Comparison of the Efficacy of Ultrasound Guided vs Non-guided Suprascapular Nerve Block Treatment in Stroke Patients

Sponsor: Abant Izzet Baysal University

View on ClinicalTrials.gov

Summary

The aim of this study is to compare the effectiveness of ultrasound-guided and non-guided suprascapular nerve block in the treatment of patients with hemiplegic shoulder pain, which is one of the most common post-stroke complications.
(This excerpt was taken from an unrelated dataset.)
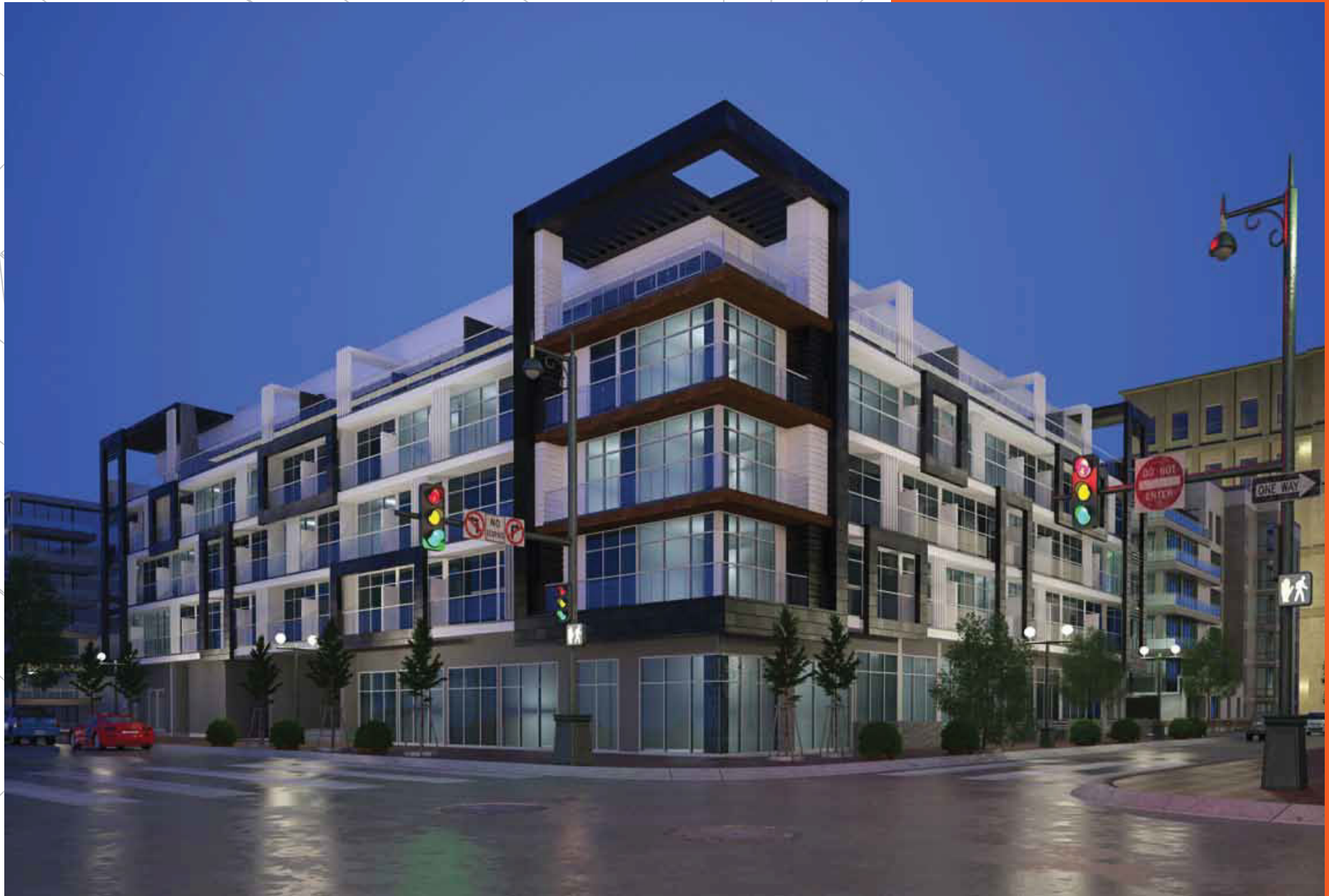
Residential building B+G+4 at JVC

Official title: Comparison of the Efficacy of Ultrasound Guided vs Non-guided Suprascapular Nerve Block Treatment in Stroke Patients With Hemiplegic Shoulder Pain.

Key Details

Gender

All

Age Range

25 Years - 75 Years

Study Type

INTERVENTIONAL

Enrollment

50

Start Date

2022-03-15

Completion Date

2025-03-30

Last Updated

2025-02-27

Healthy Volunteers

No

Interventions

DRUG

Ultrasound-guided Suprascapular Nerve Block

For suprascapular nerve block, a solution consisting of 5 ml 2% lidocaine, 1 ml Betamethasone dipropionate + Betamethasone sodium phosphate (6.43 mg/ml + 2.63 mg/ml), 4 ml saline will be used. Injections will be applied to patients in a sitting position and arm by the side. A linear probe with a frequency of 7-8 MHz on the SonoScape A8 ultrasound device will be used for suprascapular block under ultrasound guidance. the ultrasound probe was placed in the coronal plane over the suprascapular fossa. Suprascapular fossa was scanned from medial to lateral side to identify suprascapular nerve. After identification, solution of suprascapular nerve block will be injected into the area around the nerve under the scanning with in-plane technique with a 22 gauge 90 mm spinal needle.

DRUG

Anatomical Landmark-guided Suprascapular Nerve Block

For suprascapular nerve block, a solution consisting of 5 ml 2% lidocaine, 1 ml Betamethasone dipropionate + Betamethasone sodium phosphate (6.43 mg/ml + 2.63 mg/ml), 4 ml saline will be used. Injections will be applied to patients in a sitting position and arm by the side. The suprascapular notch projection will be determined using the anatomical landmark technique defined by Dangoisse et al., and then suprascapular nerve block will be applied with a 22 gauge 90 mm spinal needle to the patients

Locations (1)

Abant Izzet Baysal University

Bolu, Turkey (Türkiye)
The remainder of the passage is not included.